Task description: Verbatim repeat, images excluded. Give each entry again as written.

Source material:
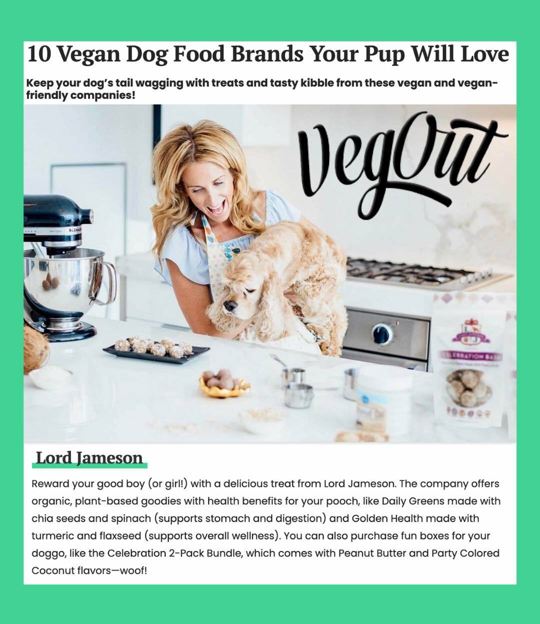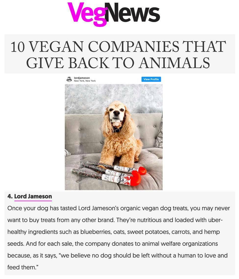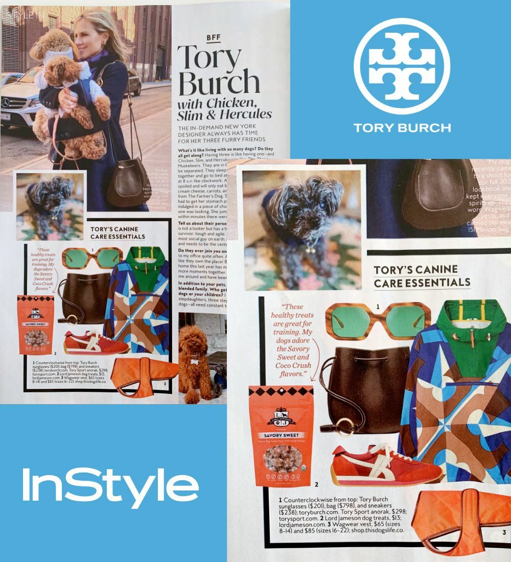 名設計師Tory Burch在接受美國InSTYLE雜誌 (2021年8月刊)專訪, 她特別選擇了Lord Jameson的有機零食作為愛犬的零食, 並於文中提到:
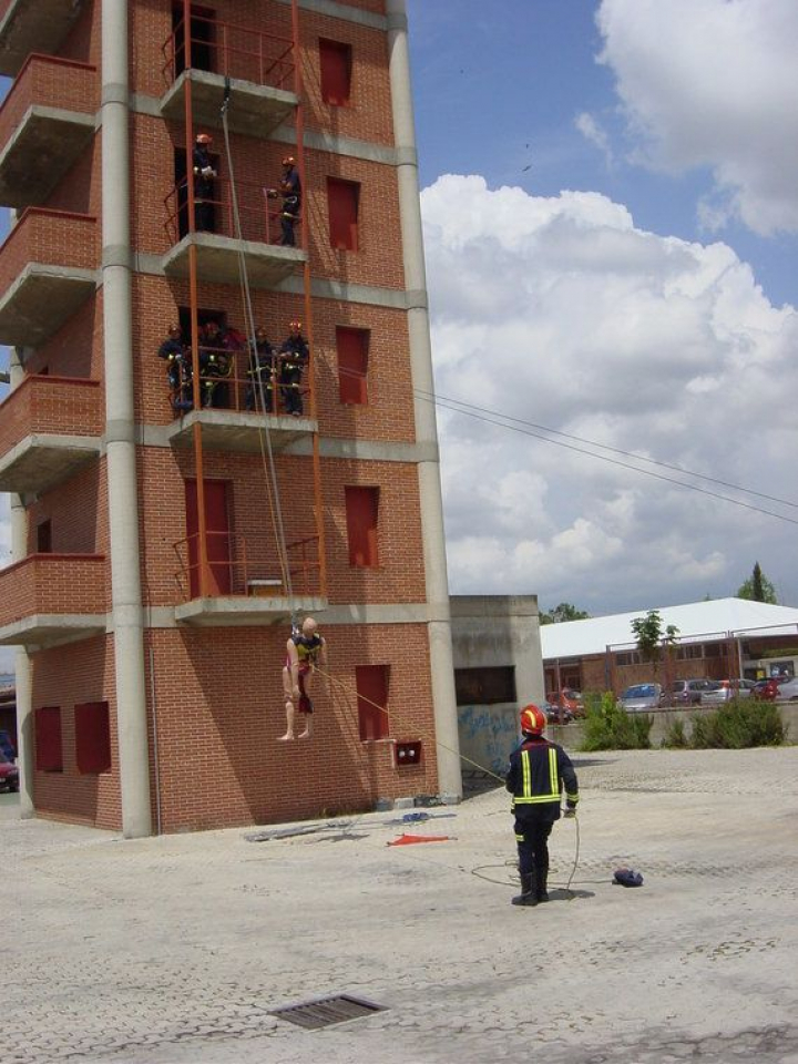 Bomberos practicando técnicas de rescate en altura. Foto: Bomberos CM.
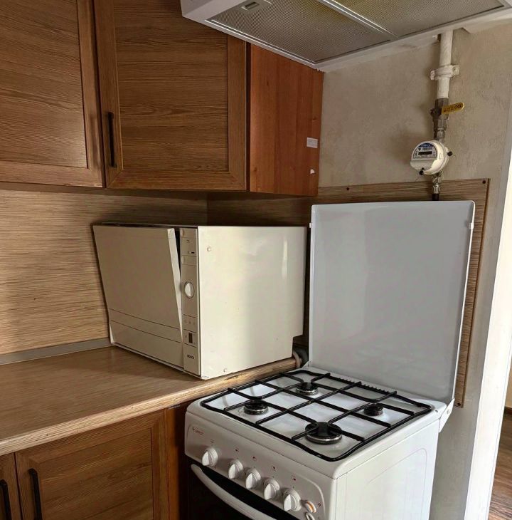 На кухне: настольная посудомойка, газовая плита, духовка, холодильник.
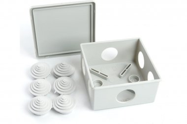 Распределительная коробка STEKKER EBX10-34-44, количество вводов: 6, полистирол, цвет светло-серый, размер 85*85*40мм.
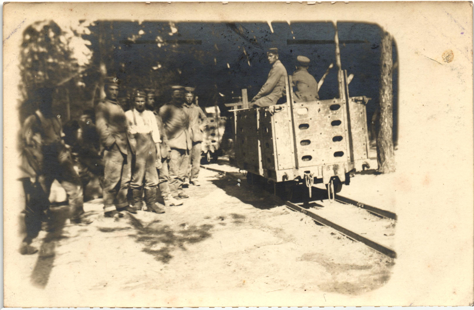 Soldats allemands dans un wagonnet
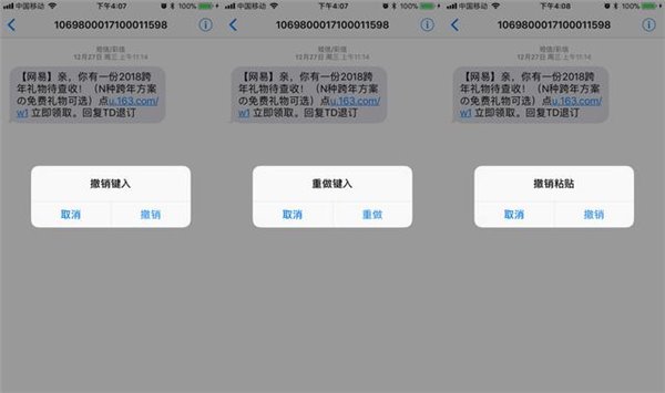 编写短信的时候,如果想把写的内容全删掉,只需晃动你的iPhone几下,会弹出个窗口,选择“撤销键入”就可把内容全删掉了,不用按着删除键半天。如果想把刚删掉的内容恢复,晃动iPhone选择“重做键入”,刚删掉的内容就回来了;如果是刚粘贴过来的,晃动可以“撤销粘贴”。
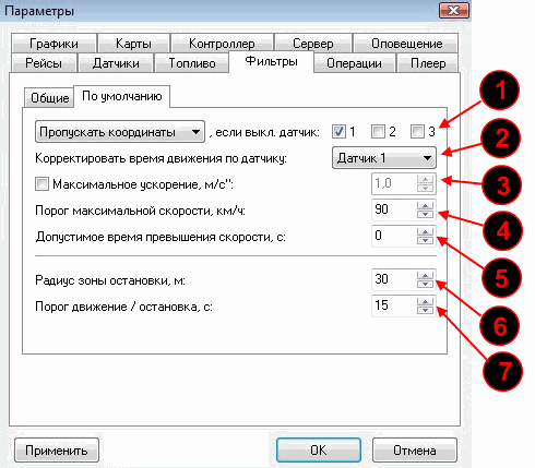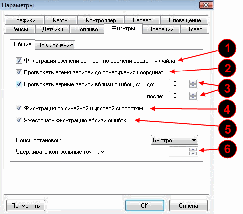 | 1. | Пропуск координат при выключенном зажигании или двигателе; |
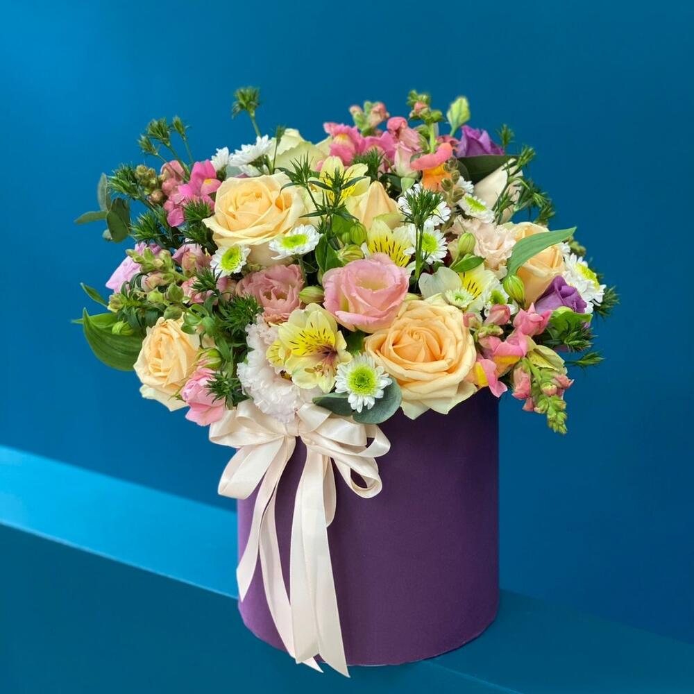 Авторская композиция из кустовых роз в шляпной коробке

Exercise output:
 名設計師Tory Burch在接受美國InSTYLE雜誌 (2021年8月刊)專訪, 她特別選擇了Lord Jameson的有機零食作為愛犬的零食, 並於文中提到:
 Bomberos practicando técnicas de rescate en altura. Foto: Bomberos CM.
 На кухне: настольная посудомойка, газовая плита, духовка, холодильник.
 Распределительная коробка STEKKER EBX10-34-44, количество вводов: 6, полистирол, цвет светло-серый, размер 85*85*40мм.
 Soldats allemands dans un wagonnet
 编写短信的时候,如果想把写的内容全删掉,只需晃动你的iPhone几下,会弹出个窗口,选择“撤销键入”就可把内容全删掉了,不用按着删除键半天。如果想把刚删掉的内容恢复,晃动iPhone选择“重做键入”,刚删掉的内容就回来了;如果是刚粘贴过来的,晃动可以“撤销粘贴”。
 | 1. | Пропуск координат при выключенном зажигании или двигателе; |
 Авторская композиция из кустовых роз в шляпной коробке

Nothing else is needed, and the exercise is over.